Arnaldo Amadeo Rodríguez Lazo (22 November 1900 – 2 November 1979) was a Chilean lawyer and politician, and a member of the Agrarian Labor Party. He served as a deputy for the 7th Departamental Grouping of Santiago during two consecutive legislative periods between 1949 and 1957.

== Biography ==
Rodríguez was born in Lebu on 22 November 1900, the son of Amadeo Rodríguez y Valdés and María Sara Lazo y Oportot. He was the brother of Raúl Rodríguez Lazo, a leader of the Conservative Party of Chile and later Minister of Lands and Colonization during the government of General Carlos Ibáñez del Campo.

He completed his secondary studies at the Liceo de Linares and at the Seminary of Talca. He then enrolled in the Law School of the University of Chile, graduating as a lawyer in 1930 with a thesis titled «El Servicio Militar obligatorio». He died in Santiago on 2 November 1979.

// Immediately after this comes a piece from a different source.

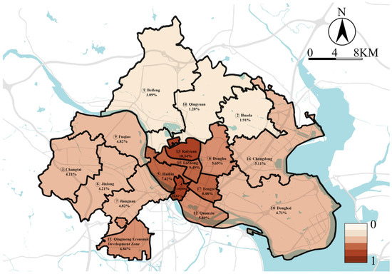 This assessment ascribes relatively large weights to educational establishments and medical institutions, at 10.6% and 8.4%, respectively (Table 3). These figures reflect the roles of such infrastructure in fostering urban resilience. These institutions are vital not only for their primary services but also as sanctuaries and resource hubs in the event of floods [60]. The impairment of these facilities during floods can exert extensive repercussions on community welfare, a notion supported by Zhang et al. [61]. Moreover, the weights attributed to GDP and population density are 4.3% and 5.7%, respectively. The methodology adopted in this study resonates with the approach of Pacetti et al. [20], who utilized a multi-criteria decision analysis framework, integrating indicators like population density, GDP, and sensitive infrastructures to construct vulnerability maps.

== Political and professional career ==
Rodríguez was a founding member of the Agrarian Labor Party. He served as secretary-general, general director and district president for the 2nd District of Santiago.

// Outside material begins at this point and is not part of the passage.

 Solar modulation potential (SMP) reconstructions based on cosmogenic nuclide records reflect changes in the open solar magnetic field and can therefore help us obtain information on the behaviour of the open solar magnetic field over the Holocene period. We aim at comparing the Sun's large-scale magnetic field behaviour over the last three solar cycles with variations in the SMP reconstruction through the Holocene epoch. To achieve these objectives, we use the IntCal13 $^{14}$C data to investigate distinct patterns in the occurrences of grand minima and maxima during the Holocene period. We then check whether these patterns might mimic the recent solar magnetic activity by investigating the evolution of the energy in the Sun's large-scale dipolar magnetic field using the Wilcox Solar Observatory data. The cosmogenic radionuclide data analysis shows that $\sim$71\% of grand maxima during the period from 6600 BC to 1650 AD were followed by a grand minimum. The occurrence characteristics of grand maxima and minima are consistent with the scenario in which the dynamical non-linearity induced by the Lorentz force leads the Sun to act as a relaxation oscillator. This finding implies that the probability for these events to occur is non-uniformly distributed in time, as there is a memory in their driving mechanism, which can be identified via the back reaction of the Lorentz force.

In the 1949 Chilean parliamentary election, he was elected deputy for the 7th Departamental Grouping (Santiago, 2nd District) for the 1949–1953 term. He served as a replacement member of the Standing Committee on Government Interior and on the Committee on Public Education, and was a full member of the Committees on Labor and Social Legislation and on Police and Regulations.

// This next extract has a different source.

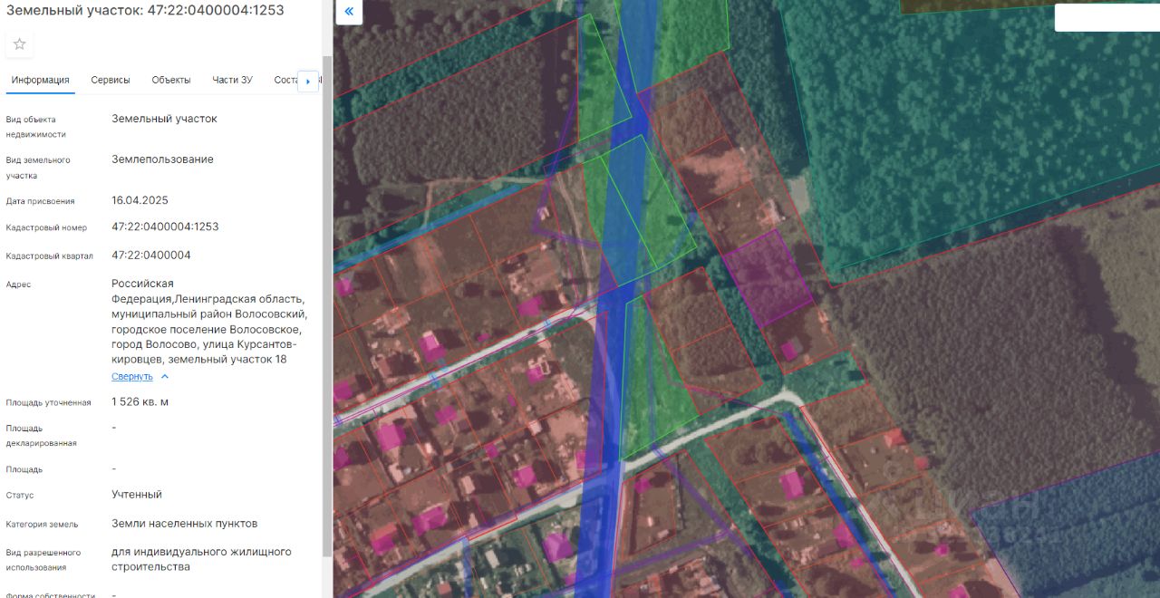 Земельный участок с кадастровым номером 47:22:0400004:1253, площадью 1526 кв.м.

He was re-elected for the 1953–1957 term, again representing the same constituency. During this period he sat on the Standing Committees on Government Interior and Police and Regulations.

== Family ==
Rodríguez married Adriana de Beaumont Portales in 1950 in Santiago. She was the daughter of Juan Luis de Beaumont y White and María Teresa Portales de las Cuevas, and descendant of Manuel Portales Palazuelos and Pedro de las Cuevas y Guzmán. After divorcing, he married Lilly Judith Martínez Betancourt, with whom he had one son, Luis Fernando Rodríguez Martínez.